Baby, One More Time – das war der Ohrwurm, der die Sängerin Britney Spears bekannt gemacht hat. 1999 war das, und wenige Monate später platzte die Internetblase. Von wegen one more time – noch einmal will das niemand an der Wall Street oder im Silicon Valley erleben.

Solche Ängste schürt aber der Onlinespiele-Anbieter King Digital Entertainment, der bei seinem Börsengang in New York mit über sieben Milliarden Dollar bewertet wird – das ist mehr, als Hasbro, der 90 Jahre alte Hersteller von Monopoly, dort wert ist. King ist das Unternehmen hinter Candy Crush Saga, jenem elektronischen Drei gewinnt-Spiel, bei dem es darum geht, quietschfarbene Bonbons aneinanderzureihen.

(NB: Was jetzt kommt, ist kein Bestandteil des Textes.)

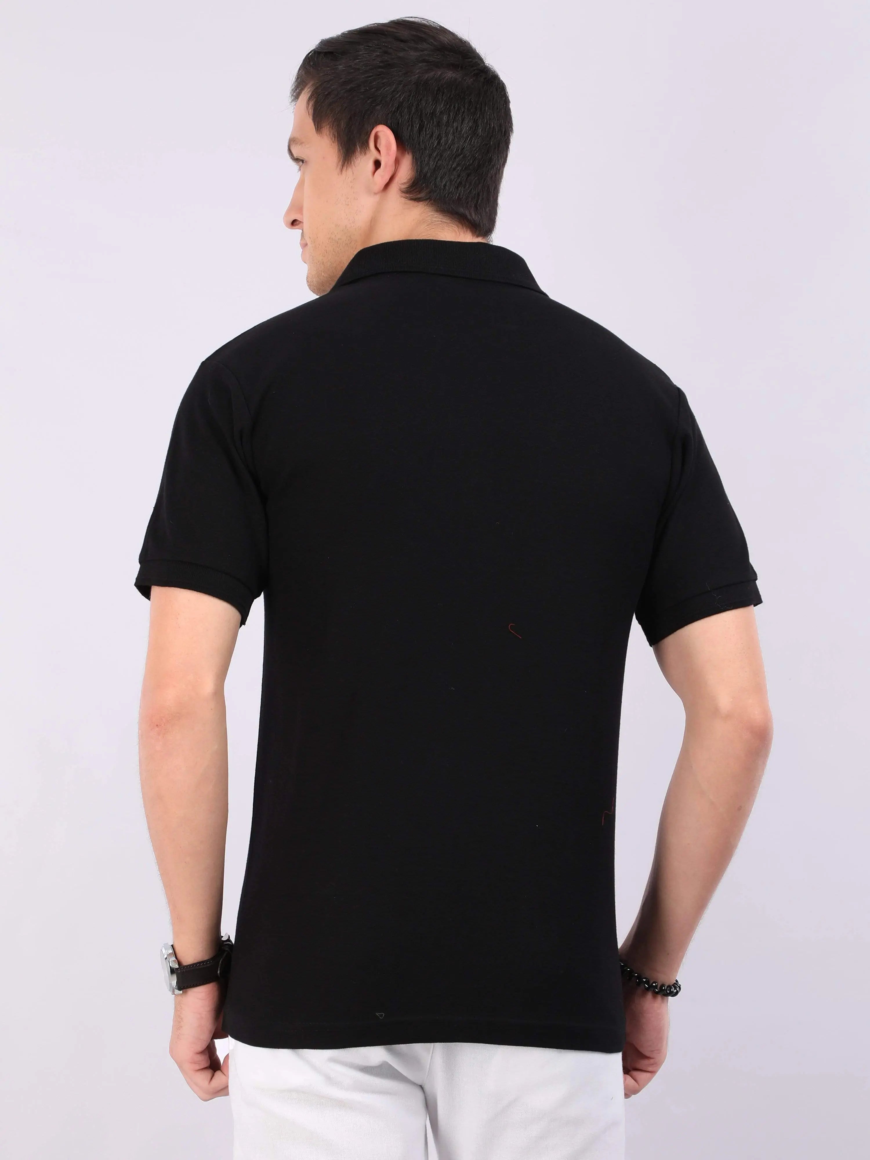 Xura Solid Men Polo Neck Black Regular Fit T-Shirt Plain

Zuckerwatte für Investoren?

Die Börsenkandidaten sind heute gesündere Kost als früher, das zumindest stellt Jay Ritter, Professor an der University of Florida, in einer Analyse fest. Börsenneulinge sind heute im Mittel neun Jahre alt, 1999 waren es bloß vier. Der Umsatz lag damals bei 17 Millionen Dollar – 2013 schon bei 107 Millionen. Auch der Candy Crush-Herausgeber steht finanziell solide da, 1,8 Milliarden Umsatz und 568 Millionen Dollar Gewinn im vergangenen Jahr. Warum kommen die Debütanten heute reifer an den Aktienmarkt?

Verantwortlich sind ausgerechnet die oft gescholtenen Zentralbanken, deren lockere Geldpolitik Spekulationsblasen verursache, so die Kritik. Doch hier wirkt sie positiv: Dank des billigen Geldes sind Risikokapitalgeber bereit, Start-ups zu finanzieren, die dann länger warten können, bevor sie an der Börse Kapital einsammeln. Wie nachhaltig Kings Geschäft ist, das davon lebt, dass Millionen Menschen Zeit damit verbringen, virtuelle Bonbons wegzuklicken, sei dahingestellt.

Entschuldigen Sie mich jetzt, ich muss noch drei Toffee-Karamelle in eine Reihe kriegen.